• Excerpted data:

= = =

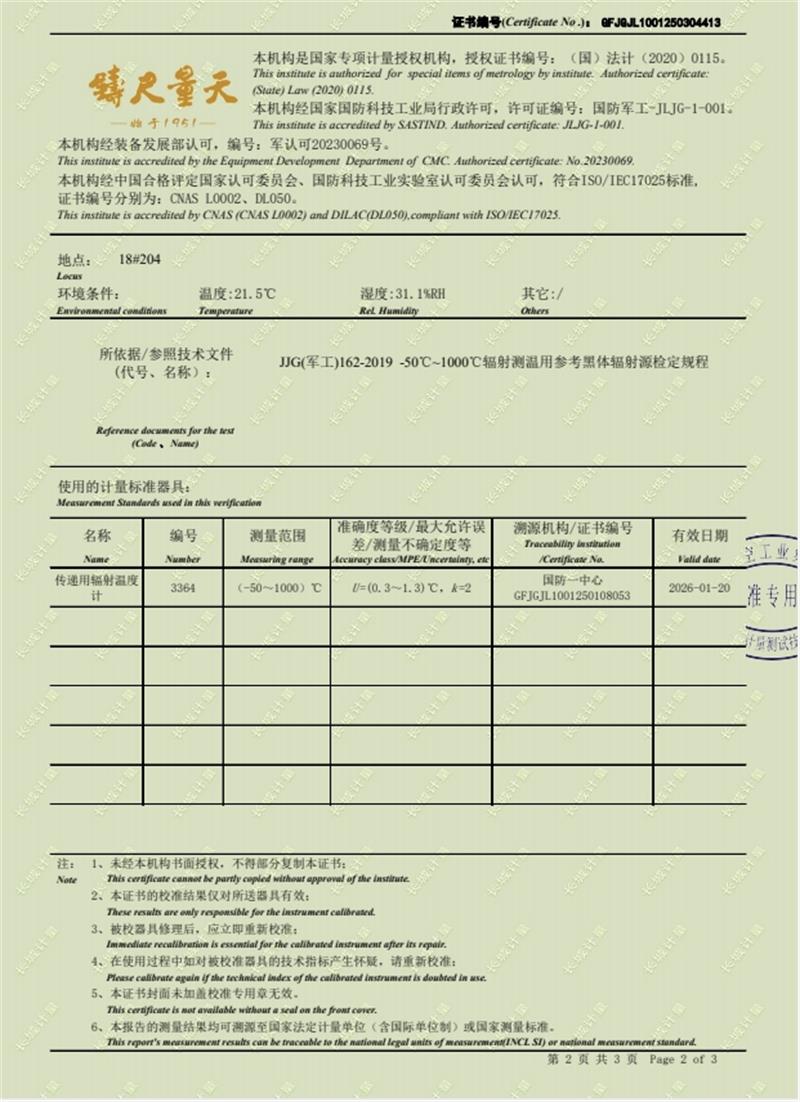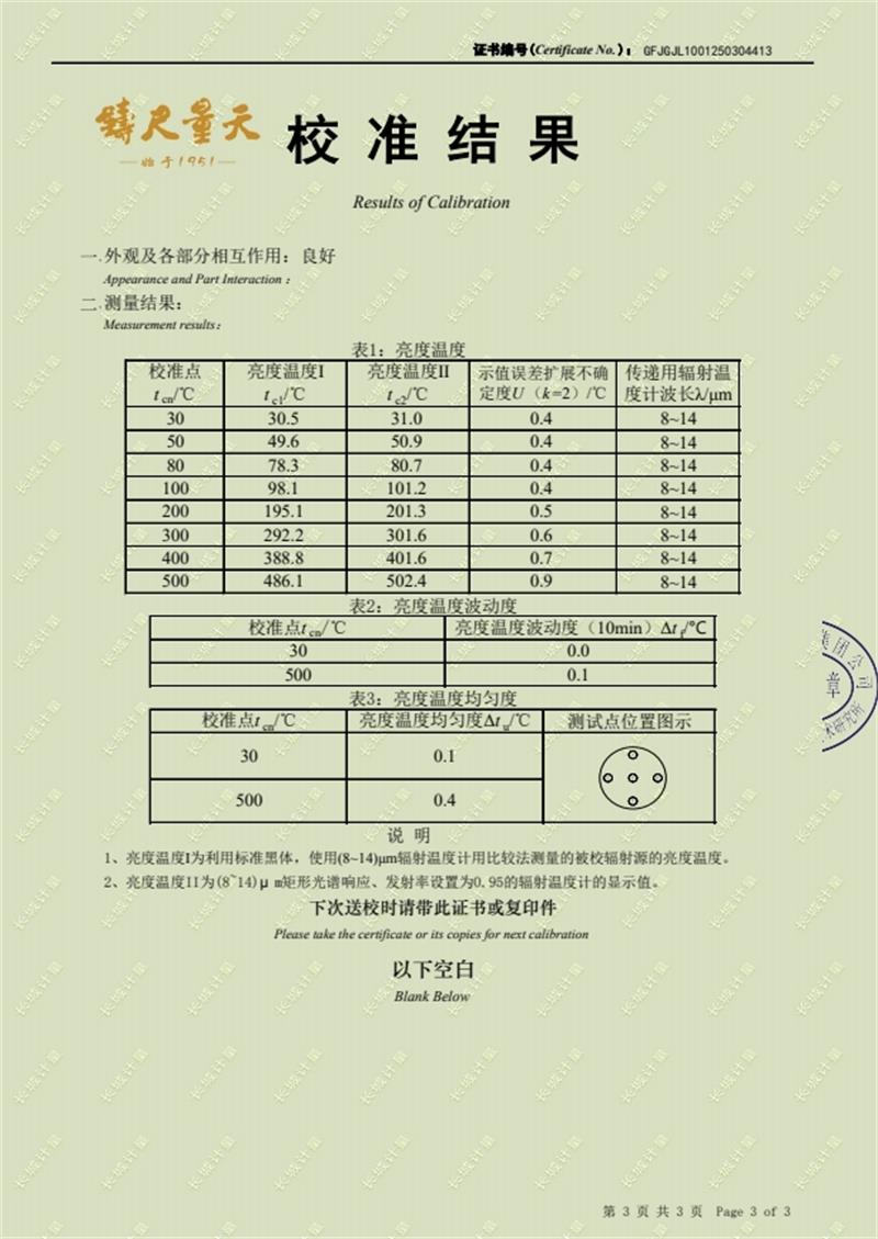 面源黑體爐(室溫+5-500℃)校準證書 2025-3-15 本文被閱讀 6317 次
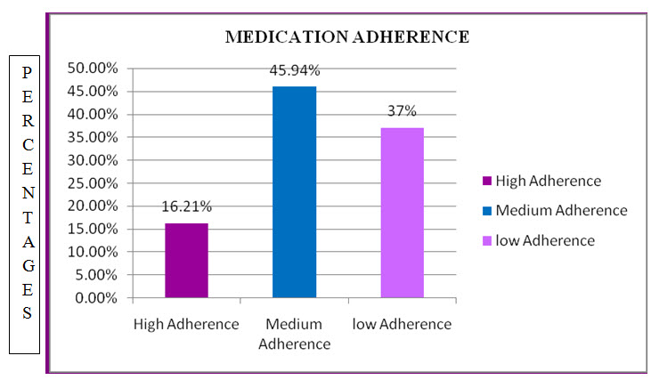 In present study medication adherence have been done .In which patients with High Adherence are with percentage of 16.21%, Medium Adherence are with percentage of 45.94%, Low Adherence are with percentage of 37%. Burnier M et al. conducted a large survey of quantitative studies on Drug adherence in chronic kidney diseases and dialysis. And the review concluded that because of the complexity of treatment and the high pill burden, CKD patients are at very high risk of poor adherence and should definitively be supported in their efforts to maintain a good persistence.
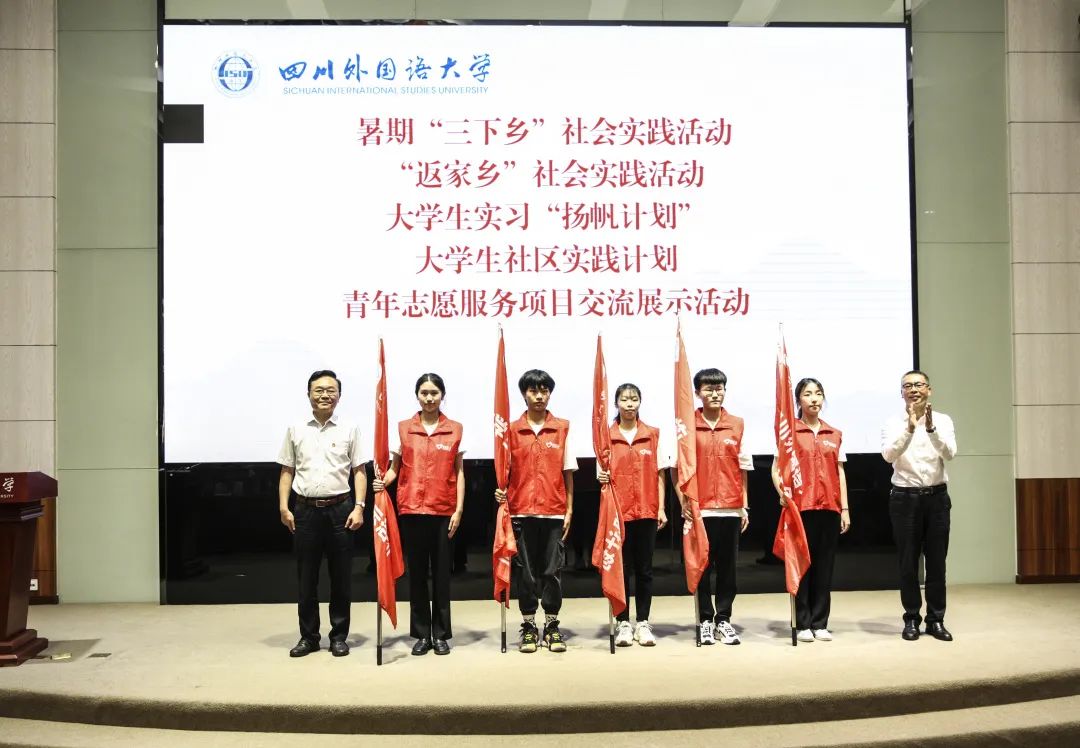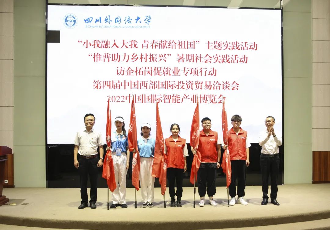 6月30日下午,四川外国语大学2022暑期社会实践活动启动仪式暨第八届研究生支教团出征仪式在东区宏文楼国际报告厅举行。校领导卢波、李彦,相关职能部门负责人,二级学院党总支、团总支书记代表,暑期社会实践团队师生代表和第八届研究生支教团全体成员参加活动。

= = =

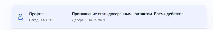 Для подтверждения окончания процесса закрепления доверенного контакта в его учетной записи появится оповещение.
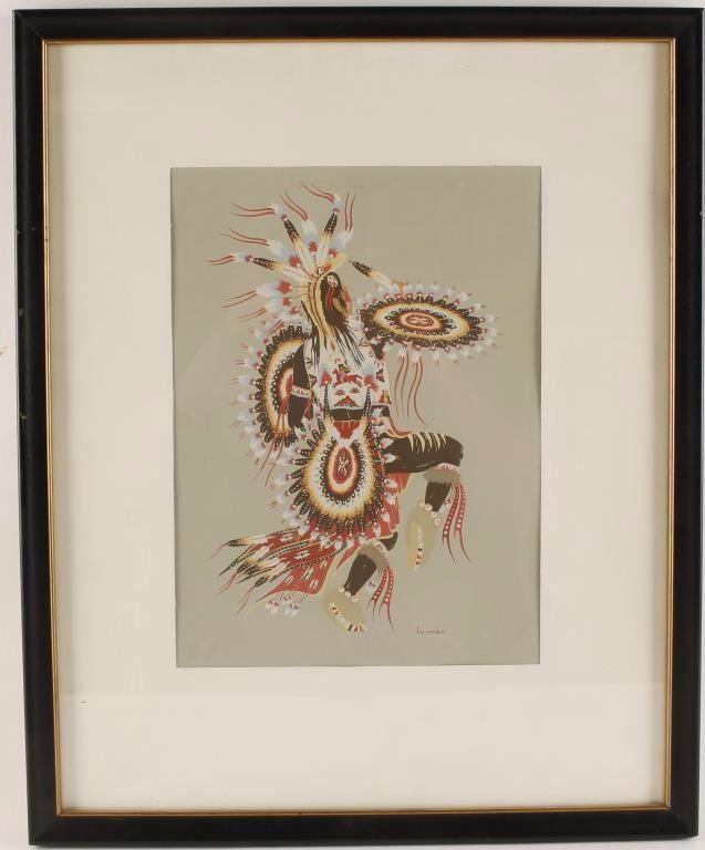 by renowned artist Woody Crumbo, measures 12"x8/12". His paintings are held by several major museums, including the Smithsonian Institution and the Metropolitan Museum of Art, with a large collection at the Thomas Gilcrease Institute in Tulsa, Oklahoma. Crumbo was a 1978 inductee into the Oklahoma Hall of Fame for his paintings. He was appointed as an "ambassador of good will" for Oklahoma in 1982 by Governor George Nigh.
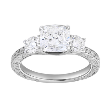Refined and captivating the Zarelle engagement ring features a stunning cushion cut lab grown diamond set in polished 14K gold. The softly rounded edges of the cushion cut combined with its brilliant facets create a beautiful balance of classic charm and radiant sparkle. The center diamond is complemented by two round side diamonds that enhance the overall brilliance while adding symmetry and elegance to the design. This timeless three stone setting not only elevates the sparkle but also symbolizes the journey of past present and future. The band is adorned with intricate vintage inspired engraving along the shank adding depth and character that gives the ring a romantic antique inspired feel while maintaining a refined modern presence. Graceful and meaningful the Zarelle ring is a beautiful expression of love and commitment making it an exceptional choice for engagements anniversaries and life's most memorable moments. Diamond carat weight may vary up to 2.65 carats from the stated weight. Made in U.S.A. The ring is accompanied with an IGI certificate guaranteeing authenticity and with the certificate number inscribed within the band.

= = =

• Work required: In the records above, copy exactly everything from the line that has "面源黑體爐(室溫+5-500℃)校準證書 2025-3-15 本文被閱讀 6317 次" down to the line that has "6月30日下午,四川外国语大", both ends included, and leave out the pictures.

• Result of this task:
 面源黑體爐(室溫+5-500℃)校準證書 2025-3-15 本文被閱讀 6317 次
 In present study medication adherence have been done .In which patients with High Adherence are with percentage of 16.21%, Medium Adherence are with percentage of 45.94%, Low Adherence are with percentage of 37%. Burnier M et al. conducted a large survey of quantitative studies on Drug adherence in chronic kidney diseases and dialysis. And the review concluded that because of the complexity of treatment and the high pill burden, CKD patients are at very high risk of poor adherence and should definitively be supported in their efforts to maintain a good persistence.
 6月30日下午,四川外国语大学2022暑期社会实践活动启动仪式暨第八届研究生支教团出征仪式在东区宏文楼国际报告厅举行。校领导卢波、李彦,相关职能部门负责人,二级学院党总支、团总支书记代表,暑期社会实践团队师生代表和第八届研究生支教团全体成员参加活动。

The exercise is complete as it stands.